Assigned task
Could you copy exactly the lines from the start of the records through the one containing "Қазақстан президенті Нұрсұлтан", both included, and leave out the pictures?

Information given
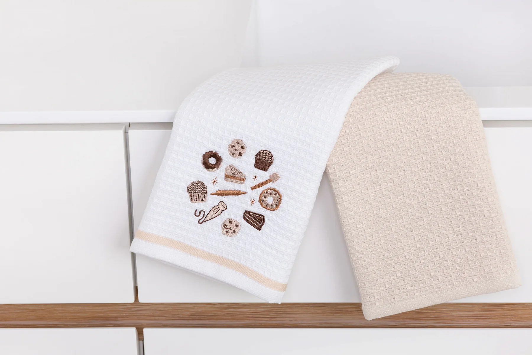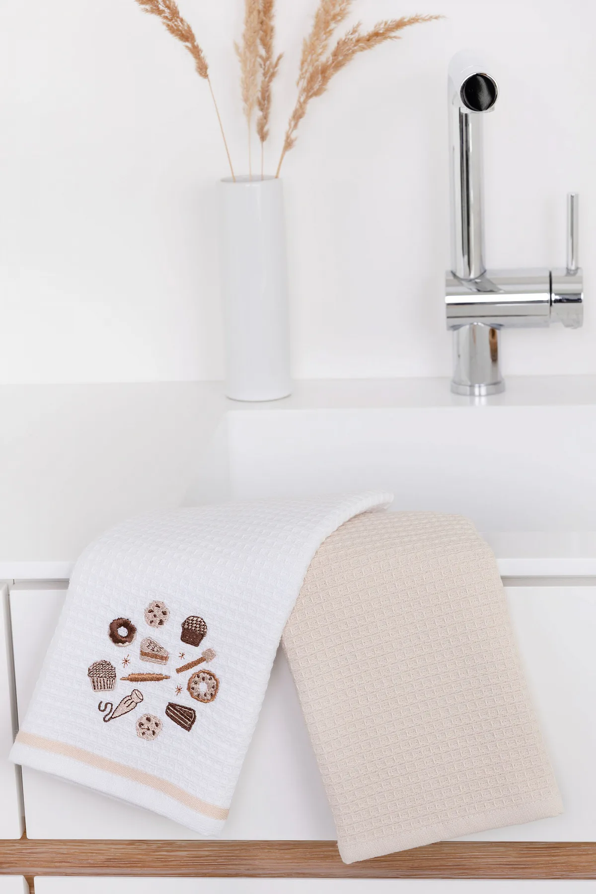 • 1x bílá utěrka s výšivkou a béžovou bordurou
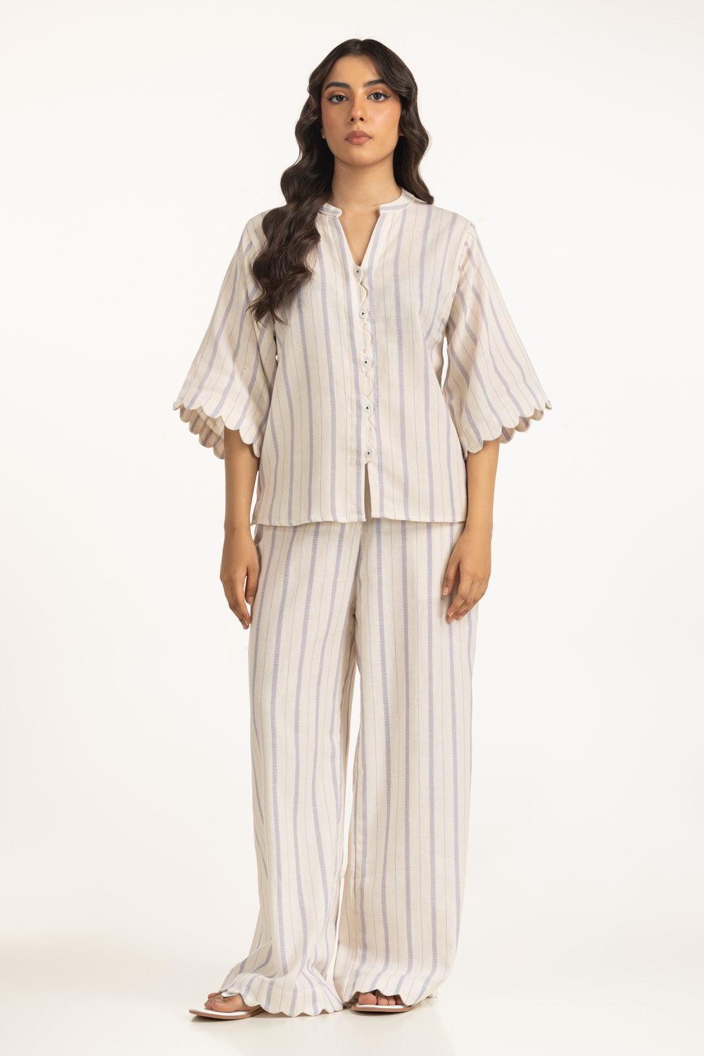 Made in pure cotton fabric with refreshing lilac stripes, this button-down top capture the essence of laid-back elegance. Its structured yet breathable silhouette keeps you poised through long summer hours. Pair with the coordinated bottoms for a sleek, effortless look.
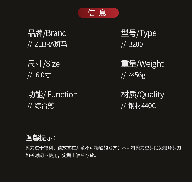 大雄ZEBRA斑马剪刀B200美发剪刀理发师专用综合剪刀6寸发廊专用
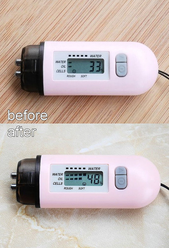 難得拿出美容儀器來測試了一下保濕度
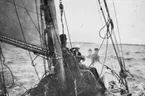 Medföljande text: "Bohusjulle, 16,5 fot, köpt av Wictor Carlsson, Örn, år 1929. Jullen förmodligen byggd på Orust på 1860-talet. Främre delen av jullen byggd i ek, bakre av fura. Wictor Carlsson återställde jullen i ursprungligt skick vid köpet (riggen dock ej ursprunglig). Seglen sydda av Limboms i Lysekil. Jullen ägdes av Wictor Carlsson till ca 1950. Bilden tagen i Tullboden, Sotenäs, årtal okänt. Originalfoto tillhörande Wiktor Carlsson, Örn, PA Kungshamn".
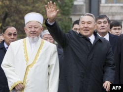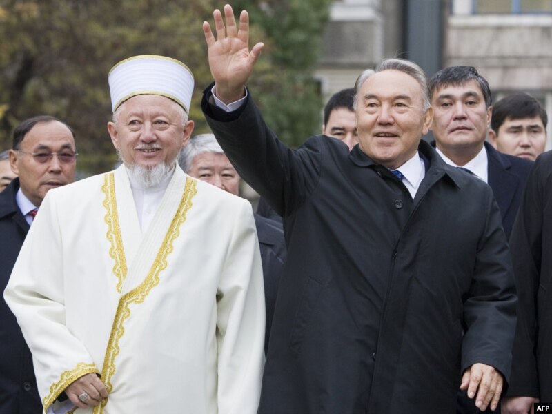 Қазақстан президенті Нұрсұлтан Назарбаев (оң жақта) пен ҚМДБ төрағасы, бас мүфти Әбсаттар Дербісәлі Алматыдағы Орталық мешіттен шығып келеді. Алматы, 16 қараша 2010 жыл. (Көрнекі сурет)
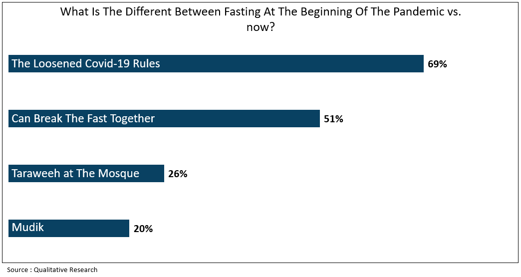Furthermore, are there any differences felt by the community related to fasting at the beginning of the pandemic vs. now? As we know, the Covid-19 pandemic officially entered Indonesia in March 2020. If we look back to 2020, the government implemented activities restrictions for the community. In addition, praying in mosques and mudik was not allowed at that time as a prevention to stop the spreading of the virus. In contrast to this year, they were able to break the fast together, Taraweeh at the mosque, and allow to mudik. Therefore, many felt that the government is loosening the regulations related to Covid this year.
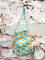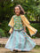 Skirt and top with bell sleeves in fine certified organic cotton; dupatta in cotton; hand block printed; set contains one lehanga skirt, top with bell sleeves, dupatta, and potli.
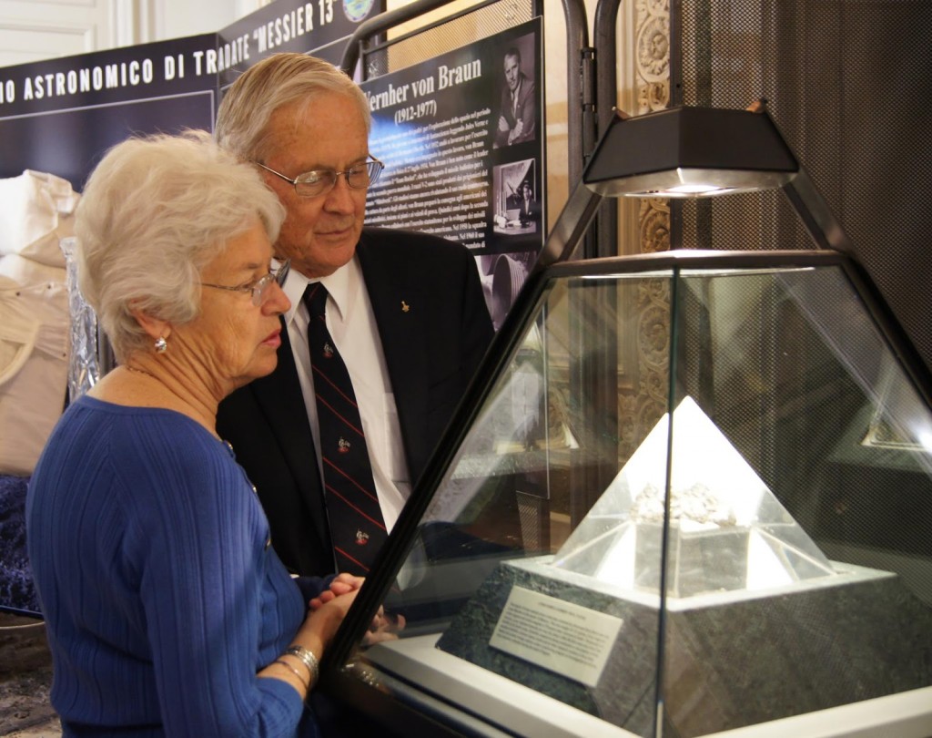 La roccia è stata concessa in prestito per un mese dalla NASA a Luigi Pizzimenti, direttore della sezione Astronautica dell’Osservatorio FOAM13 di Tradate, curatore del Padiglione Spazio del Museo del Volo Volandia e accreditato presso il Lunar Sample Laboratory Facility nel quale sono custodite le rocce lunari Apollo. Il 4 maggio scorso ho accompagnato Luigi a Houston per documentare giornalisticamente il viaggio e sarò con lui per le lezioni e conferenze che dedicheremo a questo straordinario campione di roccia extraterrestre.
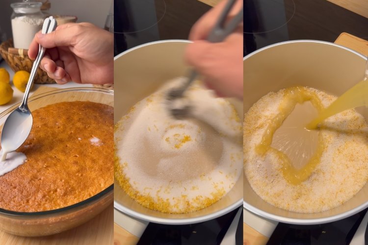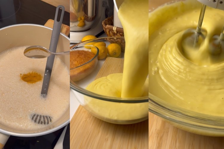 Krema için; tencereye şeker, limon ve limon suyunu alıp karıştırıyoruz. Yumurta sarısı ve unu da ilave edip karıştırıyoruz. (Tanecikli olacaktır, hiç sorun değil) Sıvı malzemeleri karıştırarak ekleyip karışımı açıyoruz. Orta ateşte puding kıvamına gelene kadar pişiriyoruz. Soğuyunca mikserle çırpıp kekin üzerine döküyoruz.
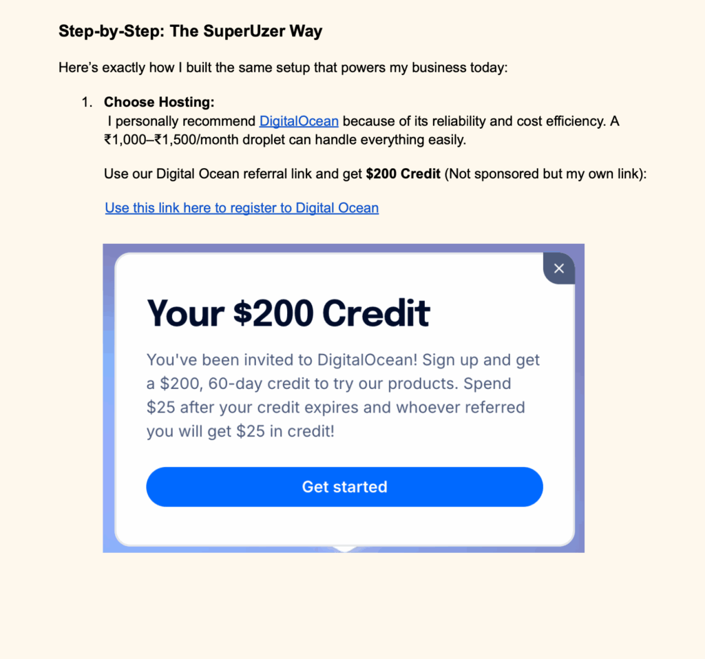 4: $200 Credit from Digital Ocean $200 Credit from Digital Ocean worth ~ ₹20,000
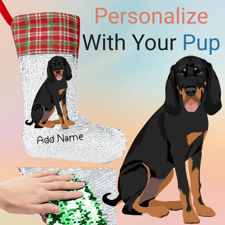 Personalized Coonhound Shiny Sequin Christmas Stocking
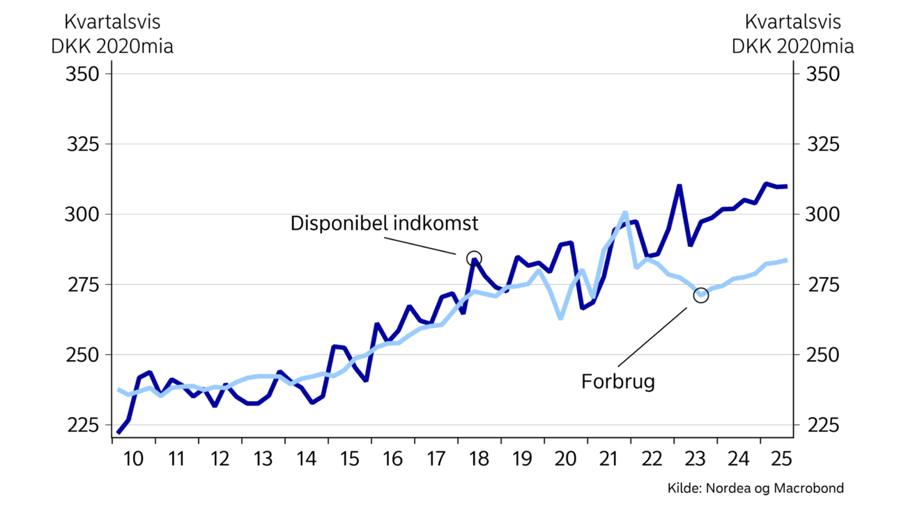 Set i det lys venter vi en årlig vækst i privatforbruget på 2,0-2,5%. Det vil i givet fald være den højeste vækst siden forbrugsboomet under Covid-19 pandemien i 2021 og vil dermed gøre forbruget til en større del af den samlede fremgang i dansk økonomi hen over prognoseperioden.
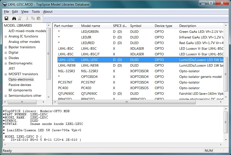 The model library includes discrete parts, analog IC parts, optoelectronic devices,, magnetic parts, digital logic families, power semiconductors, SMPS design models, cables, vacuum tubes, models from component vendors, and many more.
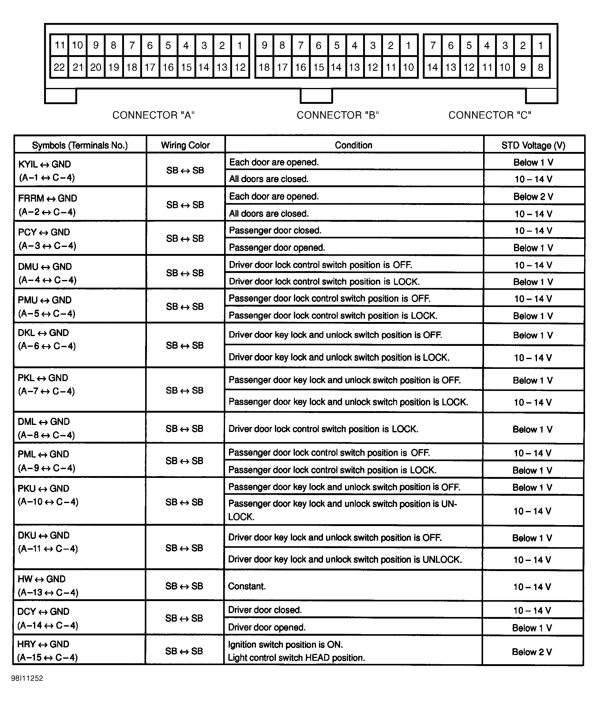 | TEST NO. 15 | Check Door Key Lock & Unlock Switch |
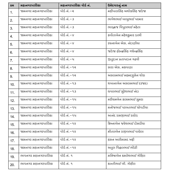 ગુજરાત સ્થાનિક સ્વરાજ્યની ચૂંટણી : કોંગ્રેસ દ્વારા ઉમેદવારોની પ્રથમ યાદી જાહેર, જાણો કોને મળી ટિકિટ?

Expected answer
 • 1x bílá utěrka s výšivkou a béžovou bordurou
 Made in pure cotton fabric with refreshing lilac stripes, this button-down top capture the essence of laid-back elegance. Its structured yet breathable silhouette keeps you poised through long summer hours. Pair with the coordinated bottoms for a sleek, effortless look.
 大雄ZEBRA斑马剪刀B200美发剪刀理发师专用综合剪刀6寸发廊专用
 難得拿出美容儀器來測試了一下保濕度
 Medföljande text: "Bohusjulle, 16,5 fot, köpt av Wictor Carlsson, Örn, år 1929. Jullen förmodligen byggd på Orust på 1860-talet. Främre delen av jullen byggd i ek, bakre av fura. Wictor Carlsson återställde jullen i ursprungligt skick vid köpet (riggen dock ej ursprunglig). Seglen sydda av Limboms i Lysekil. Jullen ägdes av Wictor Carlsson till ca 1950. Bilden tagen i Tullboden, Sotenäs, årtal okänt. Originalfoto tillhörande Wiktor Carlsson, Örn, PA Kungshamn".
 Қазақстан президенті Нұрсұлтан Назарбаев (оң жақта) пен ҚМДБ төрағасы, бас мүфти Әбсаттар Дербісәлі Алматыдағы Орталық мешіттен шығып келеді. Алматы, 16 қараша 2010 жыл. (Көрнекі сурет)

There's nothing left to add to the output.